TGIF, eh guys? Today, your Blogmistress is absolutely horrified by Facebook Status updates.
I need you to read these. I also need to tell you, I am related to the person who composes these.
(I really am not sure how... I... no words. Just read. If we are like-minded, you may just throw in the towel and quit the Internet.)
Finally... I am truly sorry for what I am about to unleash on you.
young money wher ya at in this bitch...we swanging n banging like a bat in this bitch... weeezyyyyy concert sukkkkkassss
one more day btiches..one more day... the motha fuken carter,,bitches on mi stick but mi name aint harry potterr................
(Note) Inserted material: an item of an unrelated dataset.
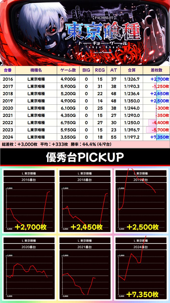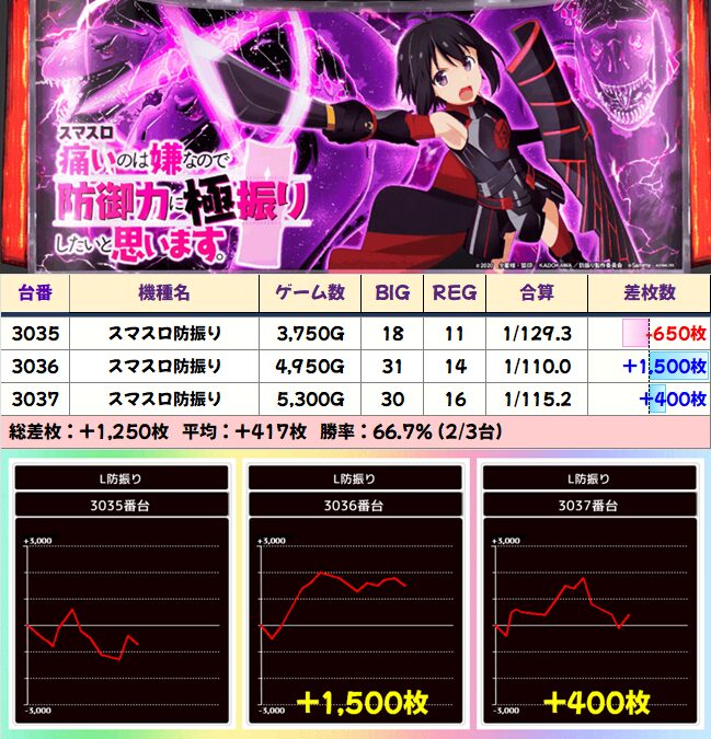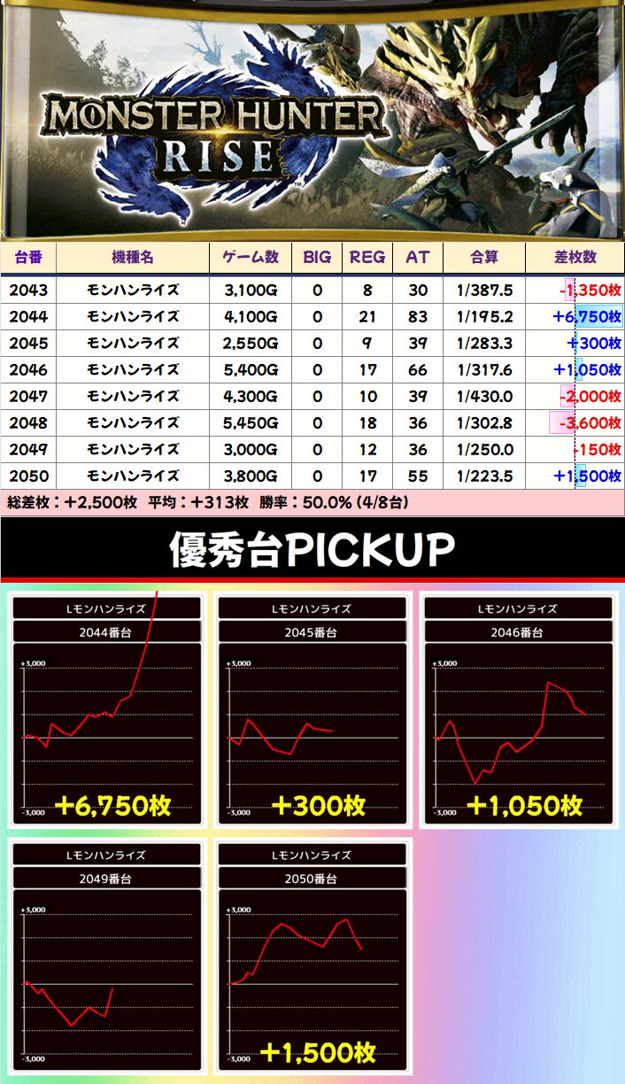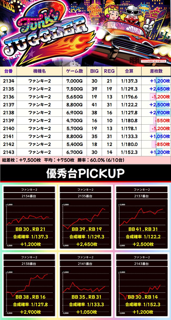 マイナスの台は大きなマイナスがないのに、プラス差枚はかなり派手な結果に。1/2系でもここまで展開がスゴイのも珍しい。
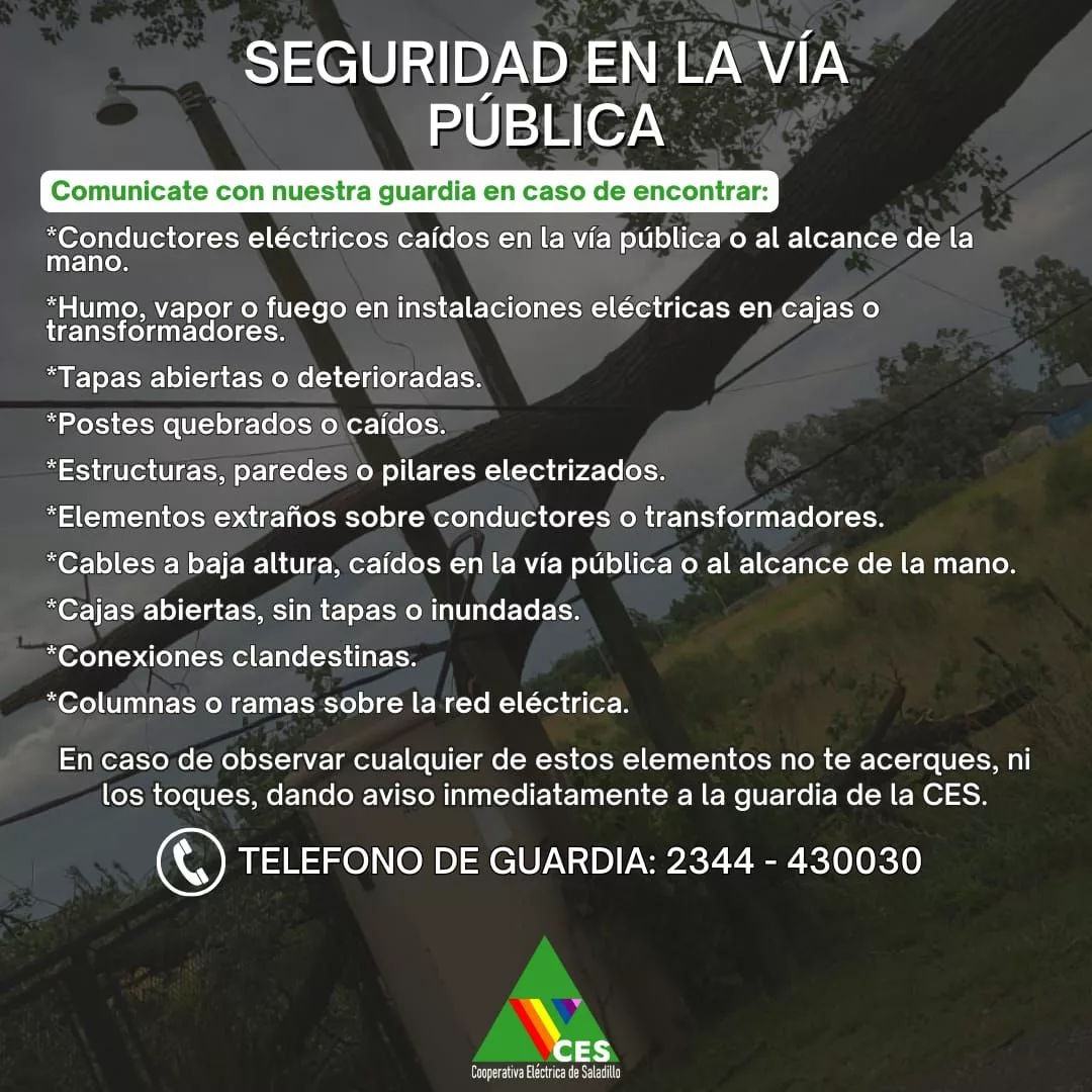 CES ENERGÍA informa que el servicio general se encuentra en normal funcionamiento tras el temporal que afecta al Partido de Saladillo. No obstante se sugiere transitar con precaución y advertir a la guardia cualquier anomalía sobre las líneas de distribución.

i love it wen she say.....its cool i got it.. i got it... i gott it..
the shoes i wear u dont own a pair....weezy f baby 2 days bitchesssssss
wats in mi wallet dawg..big faced hundrreds..went to the mall bought errything that i wannteddd....suckas
lookin at new wips...anyone tryna buy a dodge dakota..
im so twisted i walk in swirls
july 31 weezy weee cant wait suckaaassss
im in the cut wit them ozzziiesss
oh kimosabe, big ballin is my hobby
i dont need security i need fan patrol
And the piece de resistance:
if u a bad bitch then im at chu like a pound of cake n a fat doode
So then there are people who respond to this garble... with something akin to:
lol ur so gay
Seriously? All of my senses are assaulted.
And who the fuck is weezy??
Oh my God, please comment. Lord have mercy, give me something to live for.